I do not mean by ‘haptic’ just a synonym for touch, because the tactility of the haptic
is not a grasping; rather, haptic taste is explorative, open and not immediately judging. Moreover, it is trans-sensory: it accords a particular privilege neither to touch
nor to sight. Hence, haptic taste describes a perceptual engagement deeply involved
in the processes of experiencing food and beverages; it is an attitude focused on processes rather than on objects (Perullo 2018b). Whereas the optic approach perceives
objects understood as outcomes, as crystallizations in stable and standard features,
the haptic approach, instead, perceives processes. Not considering food in the terms
of an object takes us back to a different way of perceiving, but also of representing
it.
The notion of ‘good taste,’ as is well known, was born around the middle of the
seventeenth century, in the modern context of bourgeois society and the new forms
of state and democracy (Agamben 1999: 13–27). As early as the 1970s, Pierre Bourdieu highlighted well the connection between the emergence of good taste and the
question of class representation. In the case that concerns us here, this kind of taste
is shaped along a progressive autonomy of food value from its contexts, its ritual,
symbolic, communal meanings, assuming the recognition of ‘good’ just as in reference to the object. Within this framework, the 19th century (with Grimod de la
Reynière and Brillat-Savarin) witnesses the birth of modern gastronomic criticism:
it involves evaluating a food, meal or drink by recognizing its sensible qualities. The
qualitative value of food becomes disengaged from its ecologies, that is, from the
set of processes – temporal, geographical, ritual, and convivial – that make it possible and illuminate its deeper meaning. In other words, only the outcome, the ‘product,’ matters more and more. Now, my thesis is that this reduction of food from the
whole processes that originate it to the mere sensible qualities attached to the object
runs in parallel with a certain idea of gustatory experience, from which originates
the idea of criticism identified with reviews, ratings and recommendations. Limiting the taste experience to the sensory, albeit multisensory, profile of food is a twodimensional and horizontal operation; it is the optic approach to gustatory experience (see Perullo 2018b, 2020). In parallel, identifying gastronomic criticism with
reviews and evaluations of food and restaurants means objectifying and classifying
them. This is a legitimate but reductive move.

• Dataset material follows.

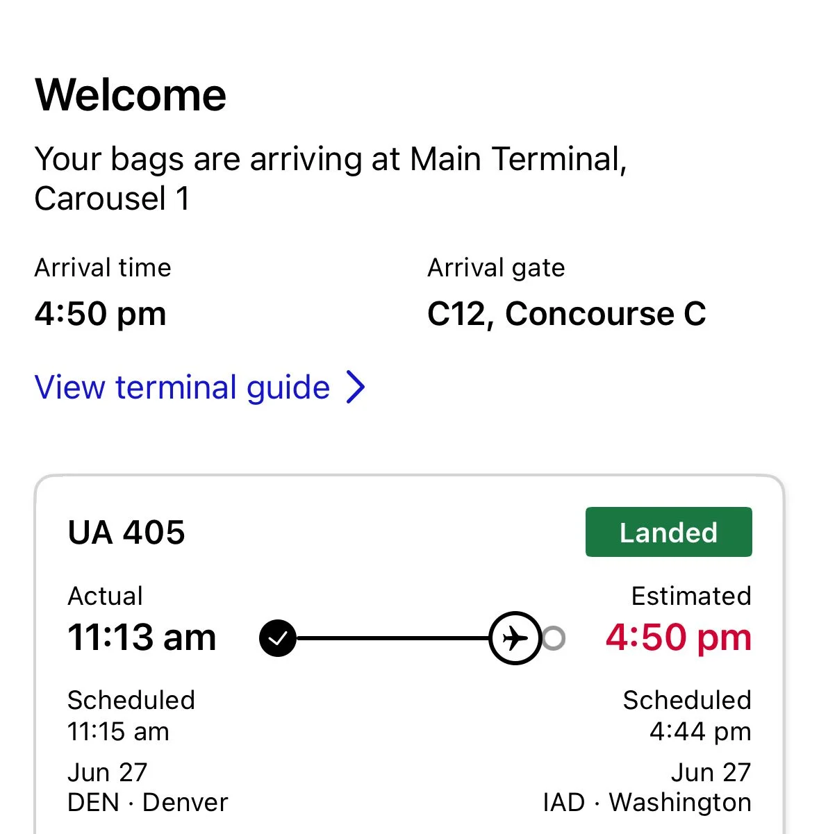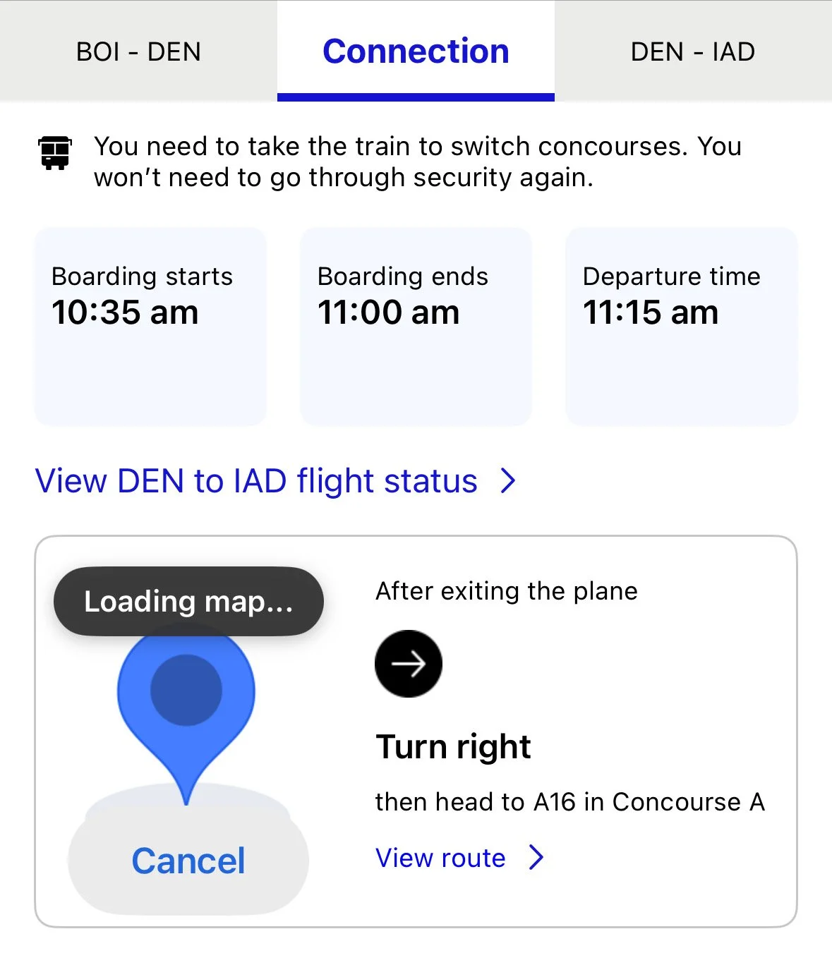 I wasn’t familiar with the Denver airport and was so happy to see all these details for my connection. It also told me how long it would take to walk to the train and how long the train would take.

When and how did this reduction of processes to objects, this reduction of the
value of a work and perception, come about? The question is complex, requiring a
lengthy analysis that would take us away from our topic. To cut a long story short:
this change concerns the formation of modern subjectivity and sensitivity within a
1
I use here “ecology” in the sense developed by J.J. Gibson with the notion of “ecological perception” (1966).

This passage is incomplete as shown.